The kinds of extreme hate speech that Section 18C has covered, for example, include claims that Jewish people exaggerate the scale of the Holocaust for their own benefit.
Such racially motivated attacks are too often precursors to racially motivated violence. In other instances, a lifetime of such abuse without any means of redress can cause terrible trauma. Either way, these are examples that reasonable Australians understand hate speech has no place in a community based on equality.
But the federal Attorney-General, Senator George Brandis, pledged during the election that he would amend or repeal Section 18C because, in his view, it violates freedom of speech. He regards racially motivated attacks as part and parcel of the "intellectual freedom" Australians expect – despite there already being broad exemptions under Section 18D from current laws where people make infringing statements in good faith.
The case Senator Brandis most often refers to when promoting his changes is that of columnist Andrew Bolt. In that case, Mr Bolt's comments were found to not have been made in good faith-particularly that he knowingly published errors of fact and distortions of the truth. If he had a sincere intellectual point to make, it would have avoided infringement of 18C.

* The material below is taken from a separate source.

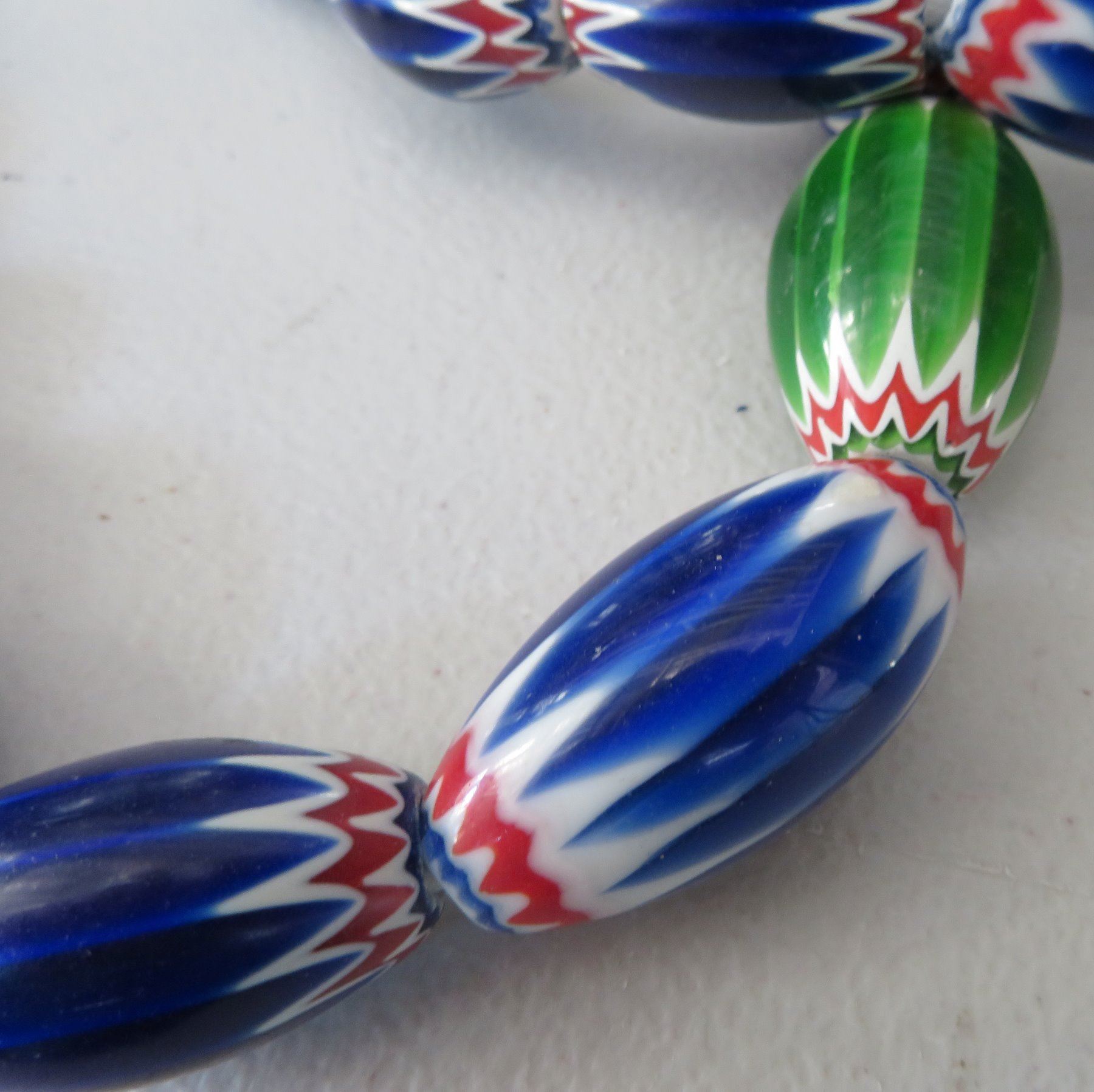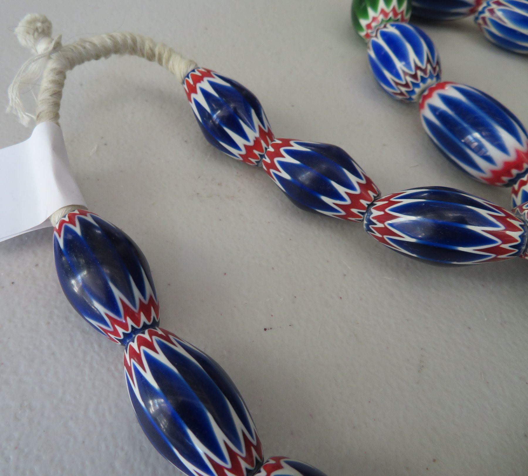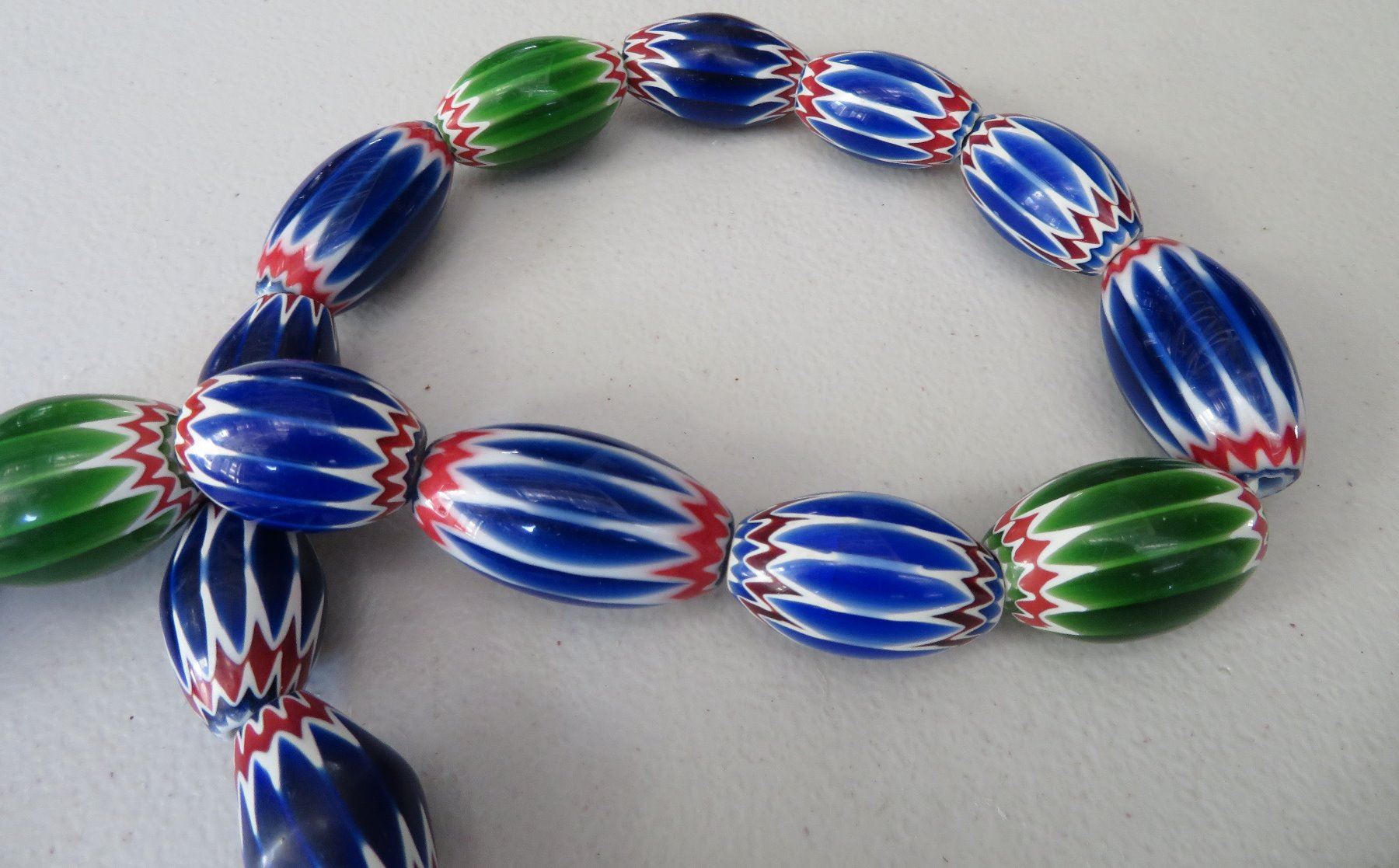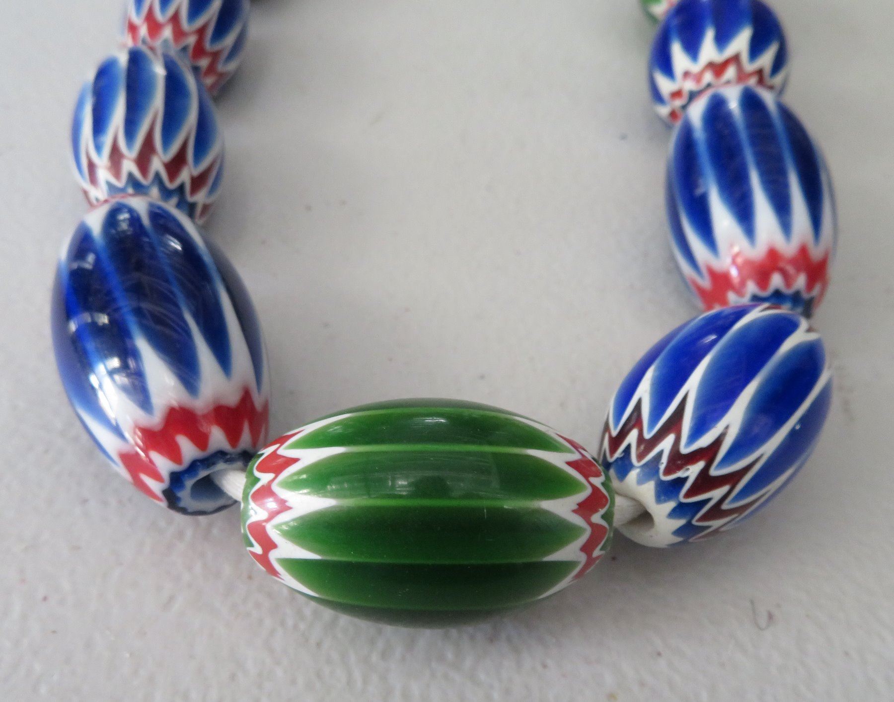 String of Chevron Beads, 20th century items. Made of glass, the string measures approx. 30" overall. Italy. Five and six layer red, white and blue as well as red, white and green chevron beads. Condition: Good, see images. Shipping: $24.50 w/insurance and signature, due to size and value.

If the Attorney-General were to engage in genuine community consultation, he would realise how important these laws are to communities.
At least 150 organisations across the country have expressed their alarm over threatened changes to racial vilification laws that are being proposed by the Abbott government.
We should not accept the excuse that racially motivated vilification is an ordinary and acceptable part of living in a democracy. Behaviour that isn't acceptable in sport certainly shouldn't be acceptable in everyday life.
If we are to build a society where people of different racial and ethnic backgrounds feel able to fully participate, and where people can live, work and play side-by-side, we also need a code of conduct against racially motivated abuse. We need to defend Section 18C.